In the First World War, the Canada Food Board began to produce posters urging Canadians to be patriotic in their food use. The Dominion Government created the Poster War Service to help with the production of propaganda for war-related purposes.
Some posters emphasized the need for food conservation. In the item below, conservation is presented as an age-old virtue of thrift represented by the grandmother and passed down through the women in the Canadian household.
(Side note: What do you think of the openings inside the “O”s in the poster font?)
Another poster portrayed the food emergency as an opportunity to be both patriotic and self-regarding. Increasing food production would both aid the Canadian and British war effort and also put more money in the pockets of Canadian farmers. A whole series of posters were based on this theme, describing Canada’s “beef opportunity”, “egg opportunity“, “pork opportunity“, and so on.
As with American ones, Canadian posters could mix patriotism with guilt.

(Toronto Public Library)
Related to the problem of food waste is the problem of hoarding, that is, people stockpiling food that they did not need, thus denying it to the troops. This poster attempts to vilify hoarding and apply fear of the law (and thus exposure) as well.

(McGill Digital Library: War posters)
(Would people hoarding food actually label their bags “hoarded flour” and “hoarded sugar”?)
I think that the poster below may be the most effective one in many ways. Forgoing abstractions, it appeals to love of family, thus making the issue of food waste a personal one.

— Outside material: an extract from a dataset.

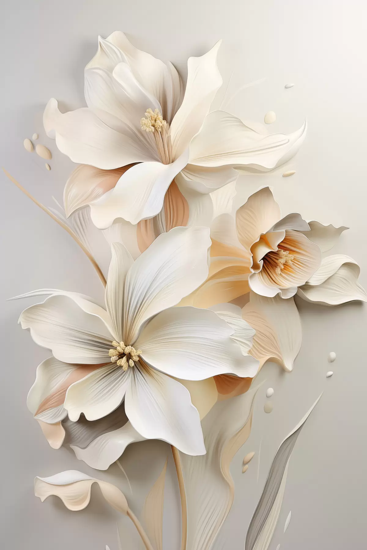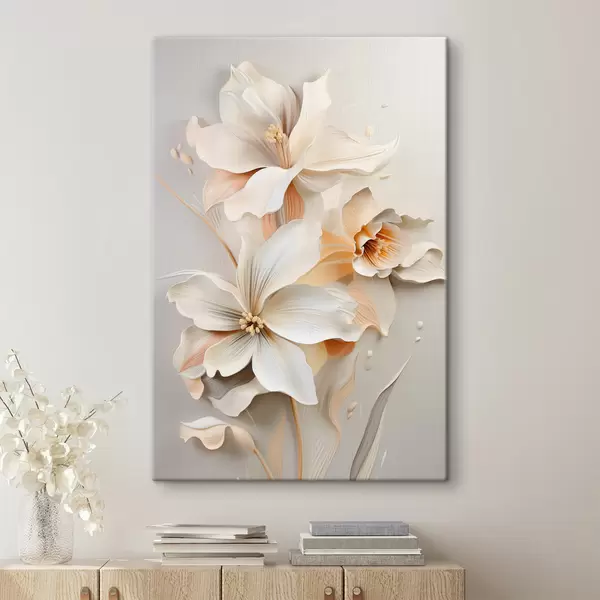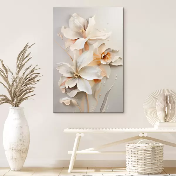 Tableau Fleurs blanches, pétales aux ombres douces, fond beige clair, composition élégante, style minimaliste Nr s46699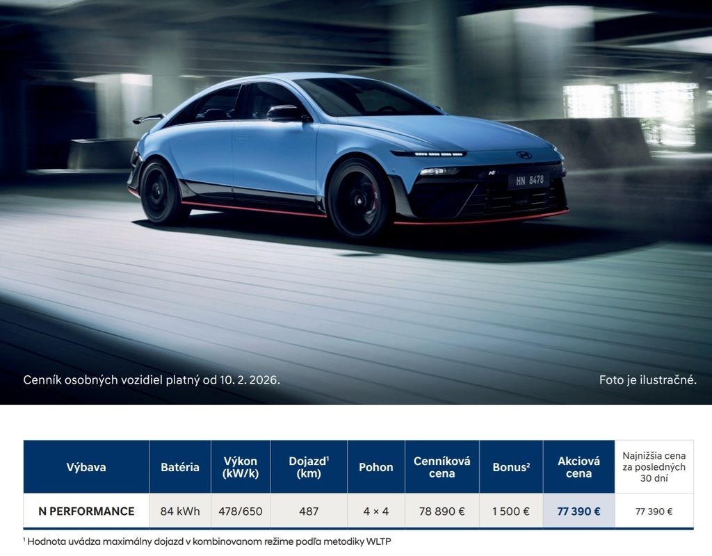 Cenníková cena modelu Hyundai IONIQ 6 N s akciovým bonusom je stanovená na 77 390 €. V tejto sume zákazník získava kompletnú výbavu vrátane pohonu 4x4, pokročilých asistenčných systémov, adaptívneho podvozka a špičkových digitálnych technológií. Za príplatok je k dispozícii panoramatické strešné okno v hodnote 1 200 € a balík TechnoPack s digitálnymi vonkajšími spätnými zrkadlami za 1 300 €. Výrobca zároveň poskytuje na vozidlo záruku 5 rokov bez obmedzenia kilometrov a 8 rokov alebo 160 000 kilometrov na vysokonapäťovú batériu.

(McGill Digital Library: War posters)
Here, we move to the Second World War. As in the United States, people were urged to save food scraps for processing into munitions. Thus, food is ammunition not just metaphorically but literally.

(Canadian War Museum)
Other posters attempted to assist the viewer in meeting food conservation goals, in order to support the war effort. This poster, from the Metropolitan Life Insurance Company, attempts to inform people about how to eat a diet compatible with the war. The emphasis seems to be on reducing the amount of meat consumed, presumably so that it can be sent overseas.
(Canadian Museum of Civilisation)
This poster from the Health League of Canada urges viewers to establish Victory Gardens. The Victory Garden was personal plot where families raised their own vegetables, essentially a traditional kitchen garden but with a patriotic veneer. The concept of the Victory Garden was widespread in the Western world during the war. Here, the trope of food as a munition is brought to life playfully through anthropomorphicizing the foods themselves.
(Canadian Museum of Civilisation)
Repeating a theme from the First World War, this poster urges Canadian farmers to increase food production. It also refers to the Canadian self-image (“This is our strength”) as a land of natural resources, making Canadians hewers of wood and drawers of water.
(Canadian Museum of Civilisation)
Finally, many posters were issued in French, this one from the Dominion Department of Labour, urging French Canadian farmers to increase food production for the coming winter.
(Canadian Museum of Civilisation)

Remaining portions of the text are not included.